The listing below should be reproduced exactly, with the pictures omitted.

■ Given information
----

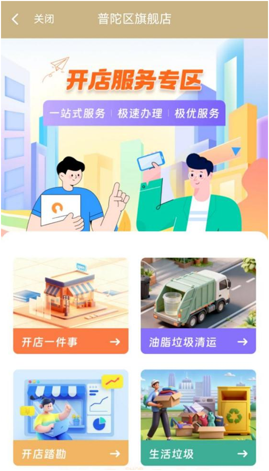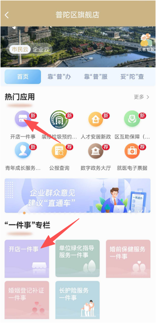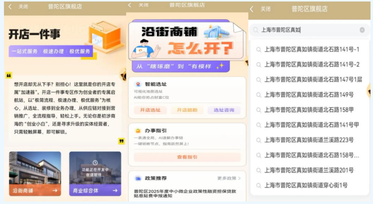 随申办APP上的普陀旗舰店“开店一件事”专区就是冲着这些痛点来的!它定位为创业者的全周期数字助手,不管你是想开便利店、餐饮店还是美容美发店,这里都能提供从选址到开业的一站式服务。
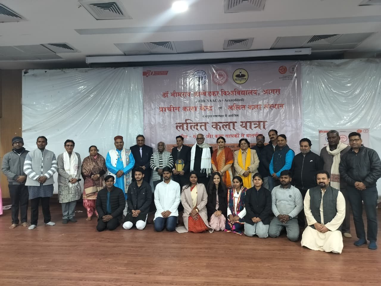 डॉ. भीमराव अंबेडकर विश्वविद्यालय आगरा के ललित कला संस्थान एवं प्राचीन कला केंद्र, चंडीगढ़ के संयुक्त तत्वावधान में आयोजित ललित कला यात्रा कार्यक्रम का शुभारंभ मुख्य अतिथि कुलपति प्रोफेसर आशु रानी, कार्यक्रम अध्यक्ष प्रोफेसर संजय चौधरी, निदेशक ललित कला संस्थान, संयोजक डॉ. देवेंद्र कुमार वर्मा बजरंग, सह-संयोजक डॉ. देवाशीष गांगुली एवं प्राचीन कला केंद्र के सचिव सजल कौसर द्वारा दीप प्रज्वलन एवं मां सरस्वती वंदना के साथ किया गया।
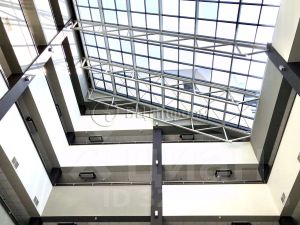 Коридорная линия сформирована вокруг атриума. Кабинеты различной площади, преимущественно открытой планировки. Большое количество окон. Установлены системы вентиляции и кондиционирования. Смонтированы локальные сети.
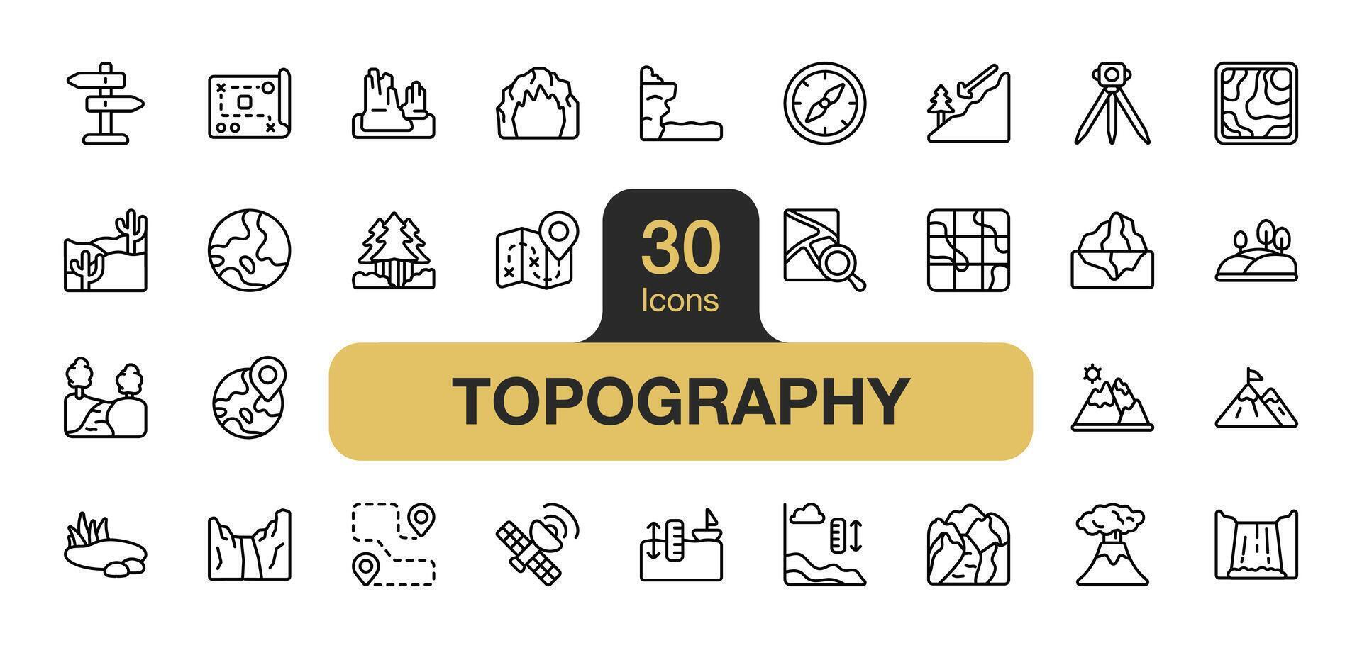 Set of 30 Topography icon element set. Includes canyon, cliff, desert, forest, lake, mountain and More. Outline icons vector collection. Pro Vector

----

■ Result
 随申办APP上的普陀旗舰店“开店一件事”专区就是冲着这些痛点来的!它定位为创业者的全周期数字助手,不管你是想开便利店、餐饮店还是美容美发店,这里都能提供从选址到开业的一站式服务。
 डॉ. भीमराव अंबेडकर विश्वविद्यालय आगरा के ललित कला संस्थान एवं प्राचीन कला केंद्र, चंडीगढ़ के संयुक्त तत्वावधान में आयोजित ललित कला यात्रा कार्यक्रम का शुभारंभ मुख्य अतिथि कुलपति प्रोफेसर आशु रानी, कार्यक्रम अध्यक्ष प्रोफेसर संजय चौधरी, निदेशक ललित कला संस्थान, संयोजक डॉ. देवेंद्र कुमार वर्मा बजरंग, सह-संयोजक डॉ. देवाशीष गांगुली एवं प्राचीन कला केंद्र के सचिव सजल कौसर द्वारा दीप प्रज्वलन एवं मां सरस्वती वंदना के साथ किया गया।
 Коридорная линия сформирована вокруг атриума. Кабинеты различной площади, преимущественно открытой планировки. Большое количество окон. Установлены системы вентиляции и кондиционирования. Смонтированы локальные сети.
 Set of 30 Topography icon element set. Includes canyon, cliff, desert, forest, lake, mountain and More. Outline icons vector collection. Pro Vector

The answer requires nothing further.